In today’s market, the whole is worth less than the sum of its parts
Secondaries capital overhang, which is the ratio
of available capital to secondary deal volumes,
increased to 2.1x by the end of 2022. What it
indicates is there is some pressure amongst buyers
to deploy capital and work on the next fundraising.
However, buyers are currently very selective on the
portfolios they want to acquire and tend to favor
countercyclical and resilient assets (e.g., US buyout)

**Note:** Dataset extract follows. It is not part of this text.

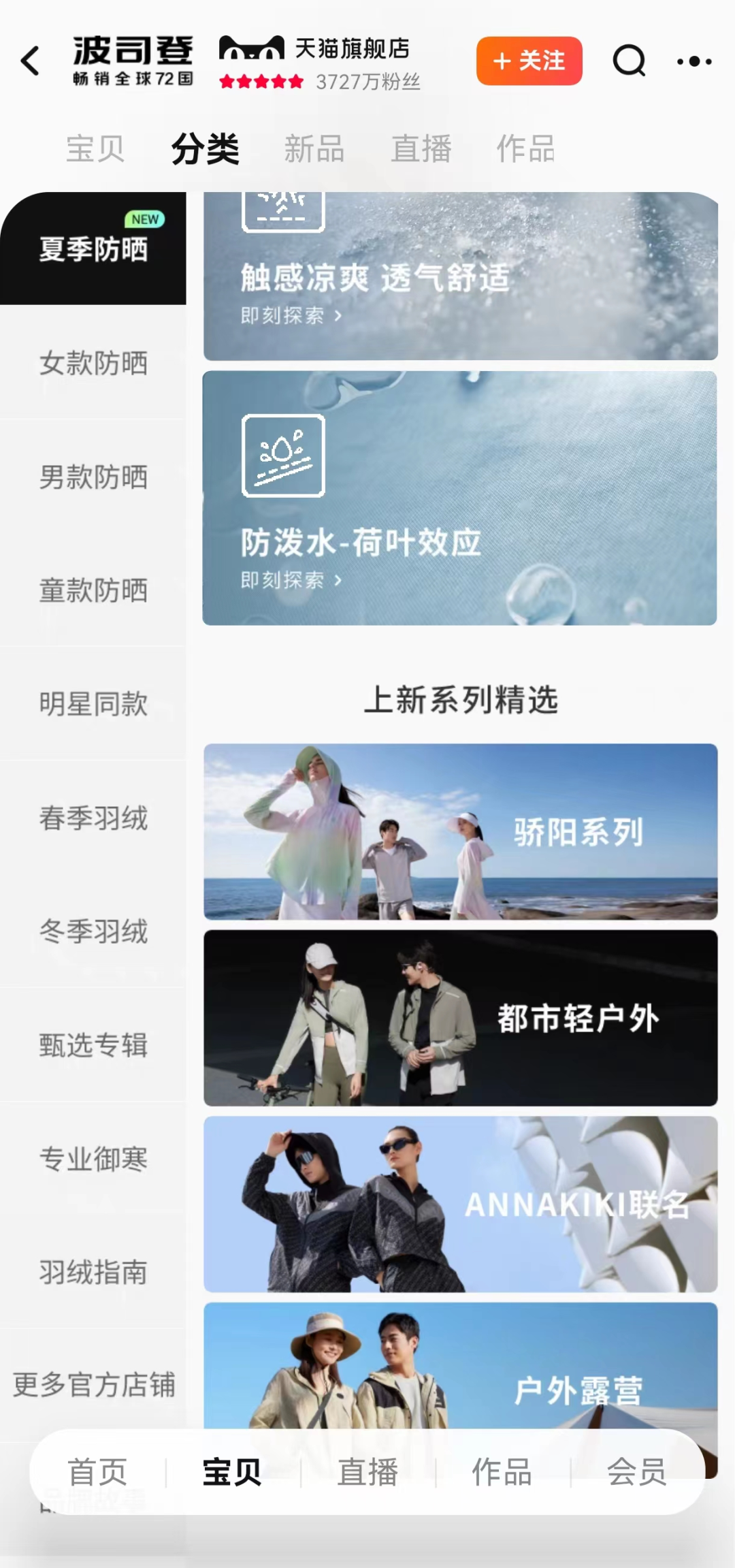 打开波司登官方旗舰店我们可以看到,其防晒产品在人群上做了细分,分为夏季防晒、女款防晒、男款防晒、童款防晒四大系列。在夏季防晒的上新系列中精选了骄阳系列、都市轻户外系列、ANNAKIKI联名系列、户外露营系列,推出了兼具科技感和外观的防晒产品。

over strategies that are more sensitive to the
macroeconomic and geopolitical environment
(e.g., China) or strategies and sectors with more
valuation uncertainty (e.g., venture capital). As a result,
pricing can vary widely amongst different managers
and funds. However, it must be noted that different
buyers have different strategies and will price portfolios
differently. Therefore, it is in a seller’s best interest to go
to market through a well-organized competitive auction
and instruct buyers to submit bids across strategies
and sub-portfolios to reveal line-by-line pricing and
buyer preferences. Packaging the most compelling
individual offers will offer the seller a better overall
price compared to buyers offering a total portfolio
solution at a steeper discount.
How WTW’s private equity team can help you
In conclusion, we believe that the development of the private
equity secondary market is nothing but a natural evolution
of this asset class. We expect this segment of the market to
continue to mature, and become more sophisticated still,
offering asset owners an important additional lever to pull to
manage their overall private equity exposure. Not to mention
the massive upside potentially released by the transformative
power of blockchain and tokenization.
Regardless of the development of the market
infrastructure, partnering with a seasoned and
expert team will always be key to unlock the value
in private equity secondaries.
At WTW our team is equipped with the skills to help you on
your private equity journey utilizing the secondary market to
help you achieve your objectives. Whether you are building
a private equity portfolio for the first time and believe now
is the right time to ramp-up exposure more quickly. Or, you
would like to use the current market environment to evolve
or shrink an existing program. WTW has the experience
necessary to partner with you, having transacted over
US$1.5bn on the secondary market for our clients in the
past five years.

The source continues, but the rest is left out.